DATA TO EXAMINE:
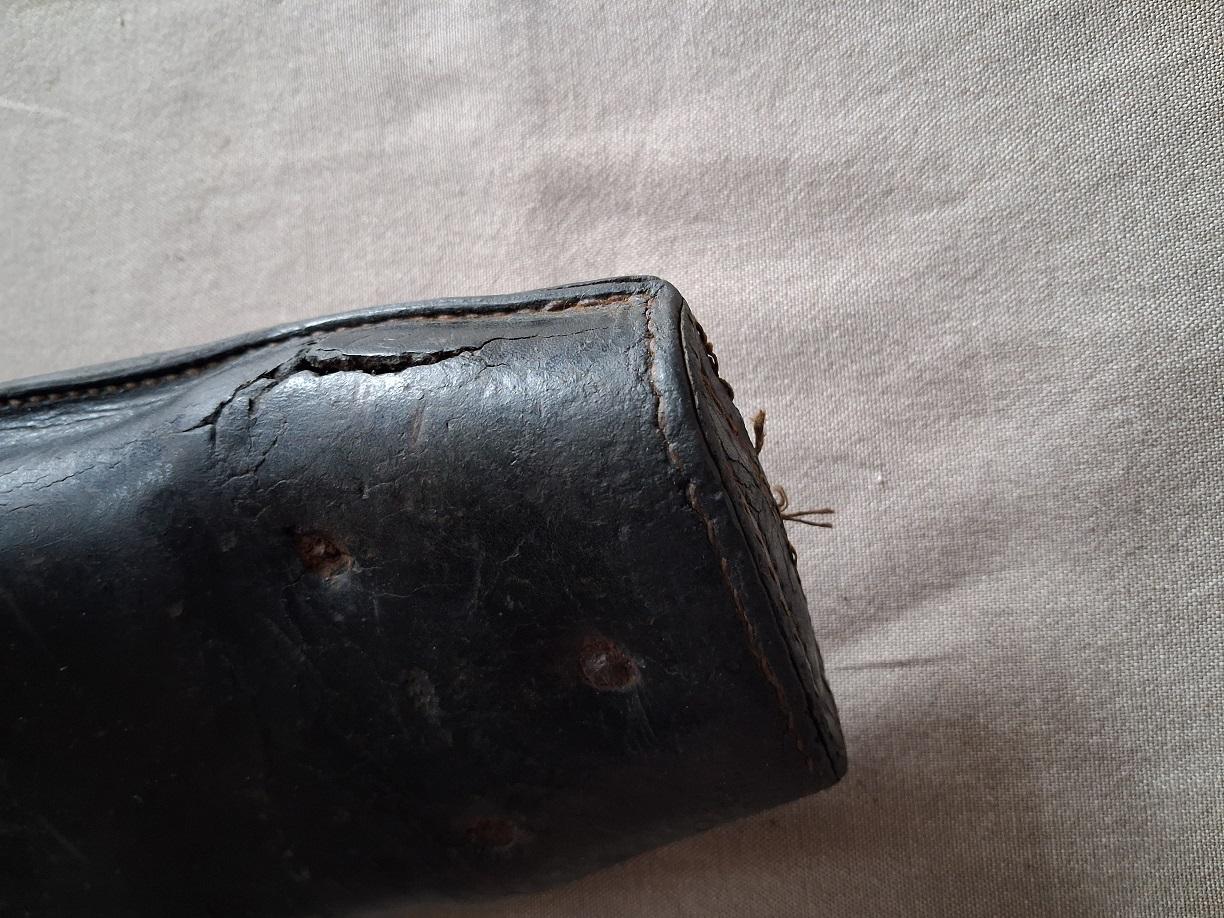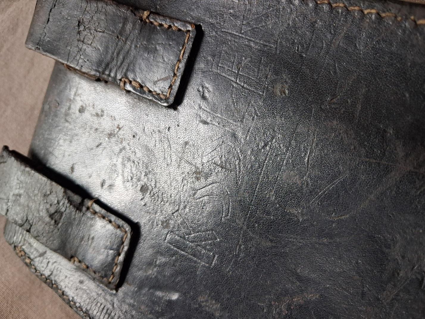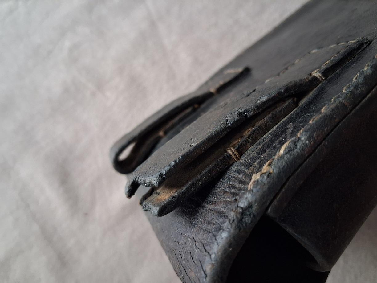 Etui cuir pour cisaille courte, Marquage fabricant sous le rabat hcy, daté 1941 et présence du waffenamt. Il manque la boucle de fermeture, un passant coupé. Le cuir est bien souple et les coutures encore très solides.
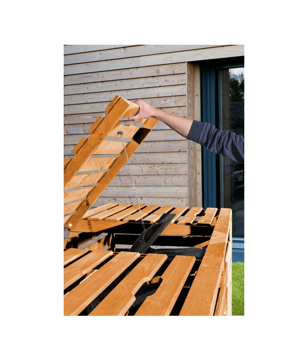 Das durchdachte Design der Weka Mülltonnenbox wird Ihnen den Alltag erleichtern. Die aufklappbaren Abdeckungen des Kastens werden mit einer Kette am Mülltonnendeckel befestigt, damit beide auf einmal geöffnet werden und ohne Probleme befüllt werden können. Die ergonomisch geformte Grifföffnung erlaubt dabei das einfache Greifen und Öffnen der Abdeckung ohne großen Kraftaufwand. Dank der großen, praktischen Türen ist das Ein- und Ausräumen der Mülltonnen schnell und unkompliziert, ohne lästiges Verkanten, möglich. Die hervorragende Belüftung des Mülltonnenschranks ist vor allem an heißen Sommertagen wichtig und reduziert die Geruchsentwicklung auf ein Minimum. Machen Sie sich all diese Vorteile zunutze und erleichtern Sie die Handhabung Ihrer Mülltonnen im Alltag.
---
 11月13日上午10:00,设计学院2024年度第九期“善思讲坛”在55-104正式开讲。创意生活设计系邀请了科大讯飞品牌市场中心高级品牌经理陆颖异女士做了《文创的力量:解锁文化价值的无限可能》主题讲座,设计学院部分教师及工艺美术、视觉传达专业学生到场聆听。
...
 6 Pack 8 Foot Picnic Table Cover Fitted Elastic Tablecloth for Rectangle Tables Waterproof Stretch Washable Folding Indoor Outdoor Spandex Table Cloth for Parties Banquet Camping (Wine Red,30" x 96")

WHAT YOU WILL DO:
Copy back exactly the lines above from the one containing "Etui cuir pour" through the one containing "Das durchdachte Design", and leave every picture behind.

TASK SOLUTION:
 Etui cuir pour cisaille courte, Marquage fabricant sous le rabat hcy, daté 1941 et présence du waffenamt. Il manque la boucle de fermeture, un passant coupé. Le cuir est bien souple et les coutures encore très solides.
 Das durchdachte Design der Weka Mülltonnenbox wird Ihnen den Alltag erleichtern. Die aufklappbaren Abdeckungen des Kastens werden mit einer Kette am Mülltonnendeckel befestigt, damit beide auf einmal geöffnet werden und ohne Probleme befüllt werden können. Die ergonomisch geformte Grifföffnung erlaubt dabei das einfache Greifen und Öffnen der Abdeckung ohne großen Kraftaufwand. Dank der großen, praktischen Türen ist das Ein- und Ausräumen der Mülltonnen schnell und unkompliziert, ohne lästiges Verkanten, möglich. Die hervorragende Belüftung des Mülltonnenschranks ist vor allem an heißen Sommertagen wichtig und reduziert die Geruchsentwicklung auf ein Minimum. Machen Sie sich all diese Vorteile zunutze und erleichtern Sie die Handhabung Ihrer Mülltonnen im Alltag.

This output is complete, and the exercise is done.